Optical fibers provide advantages over conventional communication lines. As compared with traditional wire-based networks, optical-fiber communication networks can transmit significantly more information at significantly higher speeds. Optical fibers, therefore, are being increasingly employed in communication networks. U.S. Pat. No. 5,682,454, which is hereby incorporated by reference in its entirety, discloses an exemplary optical-fiber cable.
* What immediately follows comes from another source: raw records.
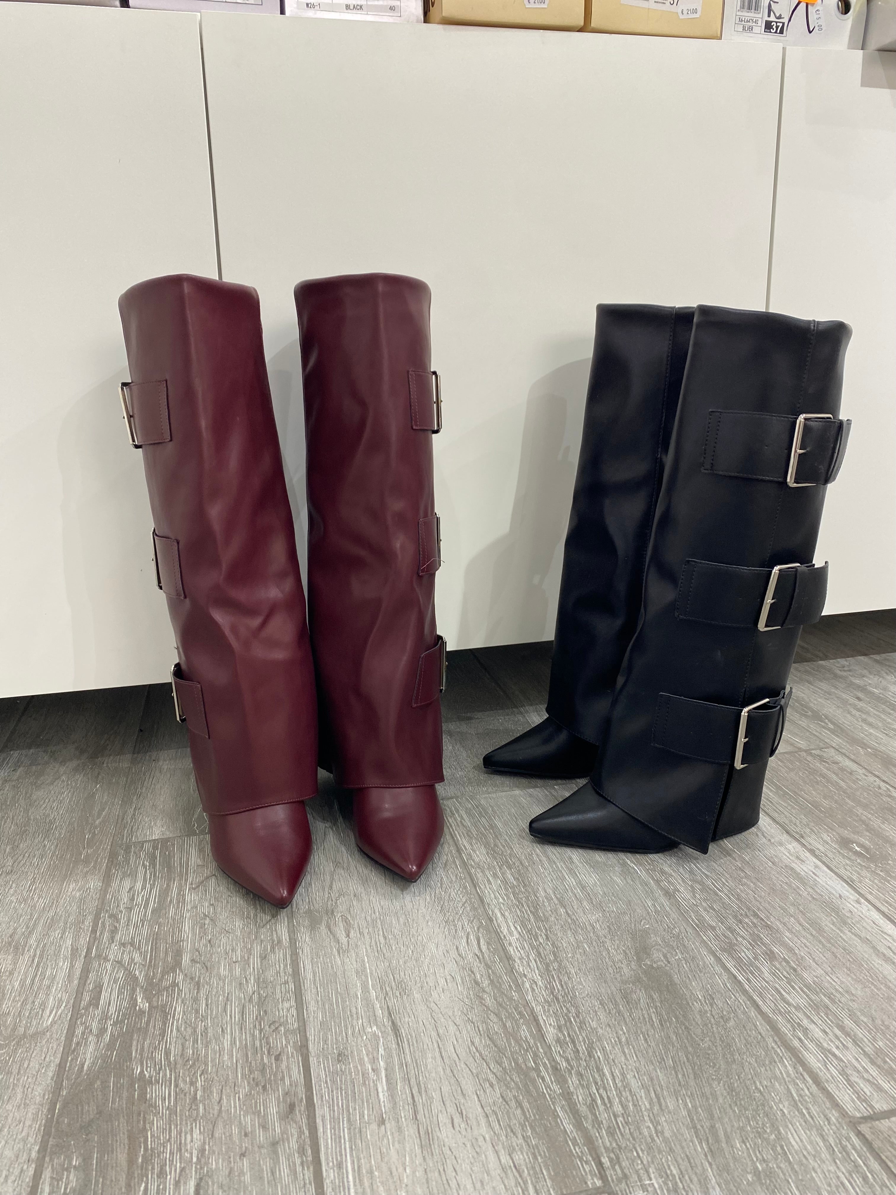 Stivali in ecopelle con gambale 50 cm, tacco doppio 10 cm.
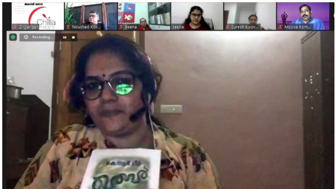 മാധ്യമപ്രവര്ത്തകനും കവിയുമായ കെ.പി. റഷീദിന്റെ 'ലോക് ഡൗണ് ഡേയ്സ്,- അടഞ്ഞ ലോകത്തിന്റെ ആത്മകഥ' എന്ന പുസ്തകം നജിം കൊച്ചുകലുങ്ക് അവതരിപ്പിച്ചു. ടി.ഡി. രാമകൃഷ്ണെന്റ 'മാമ ആഫ്രിക്ക'യുടെ വായനാസ്വാദനം കൊമ്പന് മൂസ നടത്തി. ബീന, ഇഖ്ബാല് കൊടുങ്ങല്ലൂര്, വിപിന് കുമാര്, അമൃത സുരേഷ് എന്നിവര് ചര്ച്ചയില് പങ്കെടുത്ത് സംസാരിച്ചു. സീബ കൂവോട് മോഡറേറ്ററായിരുന്നു. ഈ വര്ഷത്തെ ഖത്തര് സംസ്കൃതി സിവി ശ്രീരാമന് പുരസ്കാരം നേടിയ ബീനയെ ചില്ലയിലെ സഹഅംഗങ്ങള് അനുമോദിച്ചു.
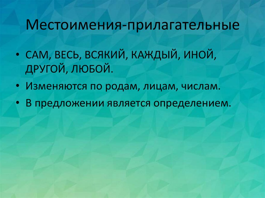 Местоимения-прилагательные• САМ, ВЕСЬ, ВСЯКИЙ, КАЖДЫЙ, ИНОЙ,
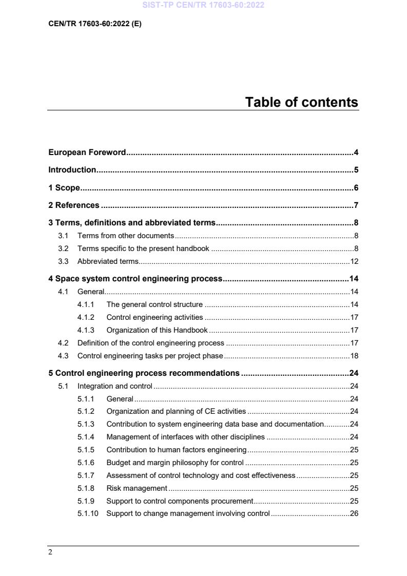 CEN/TR 17603-60:2022 is a technical report published by the European Committee for Standardization (CEN). Its full title is "Space engineering - Control engineering handbook". This standard covers: This Handbook deals with control systems developed as part of a space project. It is applicable to all the elements of a space system, including the space segment, the ground segment and the launch service segment. The handbook covers all aspects of space control engineering including requirements definition, analysis, design, production, verification and validation, transfer, operations and maintenance. It describes the scope of the space control engineering process and its interfaces with management and product assurance, and explains how they apply to the control engineering process.
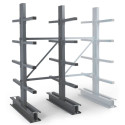 Rayonnage lourd pour charges longues Cantilever double face. Idéal pour le stockage de charges longues (tubes, profilés, planches…). Montage facile par boulonnement des bras sur les colonnes.
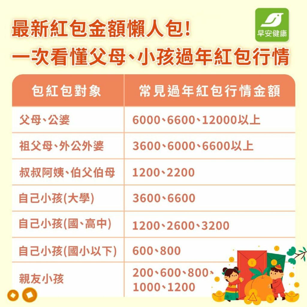 2026過年紅包建議金額一覽表
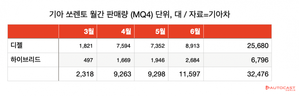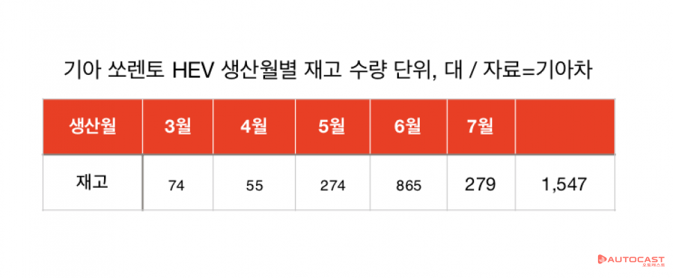 한편 쏘렌토 하이브리드의 판매를 재개하면 현재까지 남아있는 1500여대의 재고 물량을 사전 배정한다. 오토캐스트가 입수한 자료에 따르면 쏘렌토 하이브리드의 재고는 이달 7일 기준으로 1547대다. 당초 쏘렌토 하이브리드의 사전계약대수는 1만3000여대이지만 해당 계약자들에게 지난달까지 6796대가 출고되고도 재고가 쌓인 것. 재고 차량에 대해선 조건에 따라 할인을 적용해 판매한다는 입장이다.
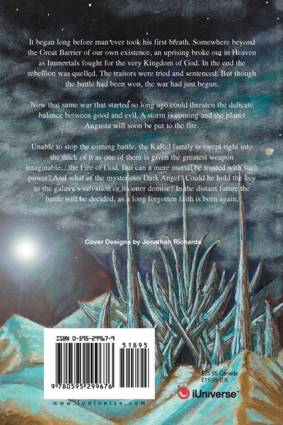 It began long before man ever took his first breath. Somewhere beyond the Great Barrier of our own existence, an uprising broke out in Heaven as Immortals fought for the very Kingdom of God. In the end the rebellion was quelled. The traitors were tried and sentenced. But though the battle had been won, the war had just begun. Now that same war that started so long ago could threaten the delicate balance between good and evil. A storm is coming and the planet Augusta will soon be put to the fire. Unable to stop the coming battle, the KaRel family is swept right into the thick of it as one of them is given the greatest weapon imaginable...the Fire of God. But can a mere mortal be trusted with such power? And what of the mysterious Dark Angel? Could he hold the key to the galaxy's salvation or its utter demise? In the distant future the battle will be decided, as a long forgotten faith is born again.
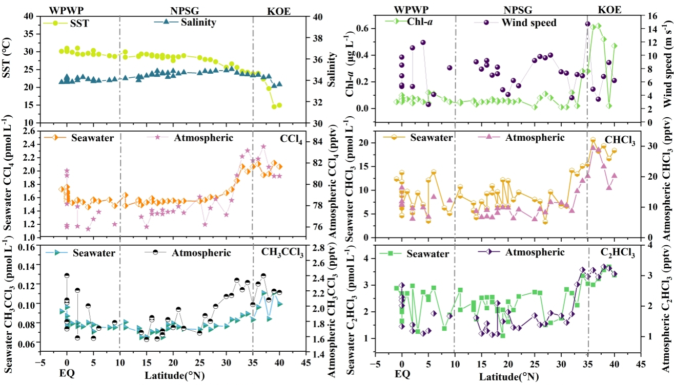 Figure 2Latitudinal distributions of SST, salinity, and Chl a, and surface seawater and atmospheric concentrations of CCl4, CHCl3, CH3CCl3, and C2HCl3, along with wind speed in the Western Pacific.
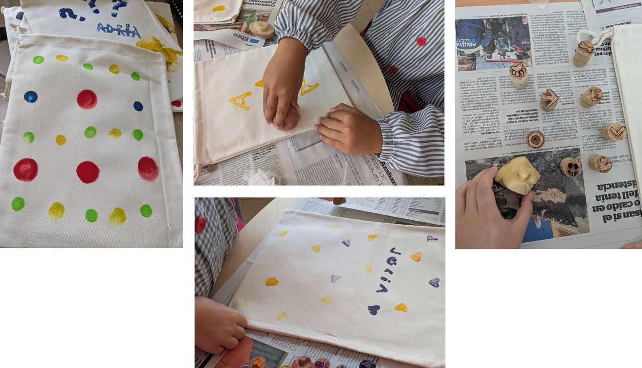 Amb l’ajuda de les famílies, van a crear segells i tampons casolans: patates tallades, esponges, taps i cartró que es converteixen en eines per dir al món el que pensem i sentim.
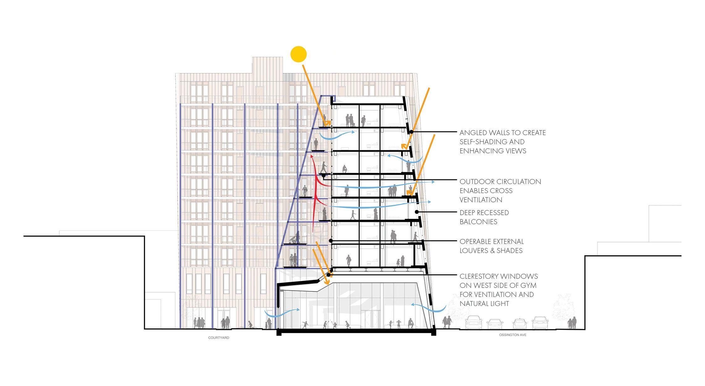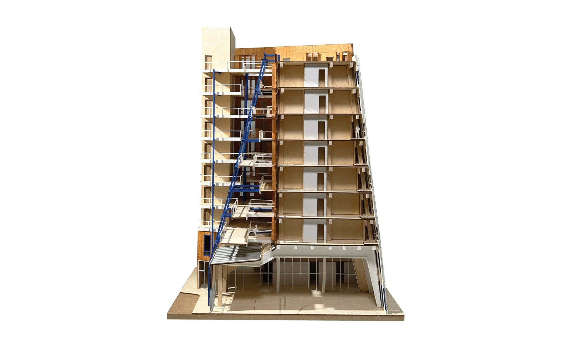 The Blue Path reimagines West Neighbourhood House’s 248 Ossington Avenue site as community-focused housing that combines living and gathering spaces. Designed as both a place to live and a place to look out onto the city, it rethinks typical multi-unit housing in Toronto to create a stronger relationship with the surrounding urban environment and to support West Neighbourhood House’s mission of affordable housing and public programming.

Optical fibers can be bonded together to form a planar, optical-fiber ribbon, which itself may be divisible into subunits (e.g., a twelve-fiber ribbon that is splittable into six-fiber subunits). Multiple optical-fiber ribbons may be aggregated to form a ribbon stack, which can have various sizes and shapes, such as a rectangular ribbon stack or a trapezoidal ribbon stack in which the uppermost and/or lowermost optical-fiber ribbons have fewer optical fibers than those toward the center of the stack. The ribbon-stack configuration helps to increase the density of optical elements (e.g., ribbonized optical fibers) within a round buffer tube and/or a round optical-fiber cable. Even so, the placement of planar, optical-fiber ribbons as rectangular or trapezoidal ribbon stacks within round tubes is spatially inefficient.
Mass-fusion splicing of optical-fiber ribbons requires a planar ribbon geometry, however, rendering non-planar, optical-fiber ribbons unsuitable for mass-fusion ribbon splicing operations.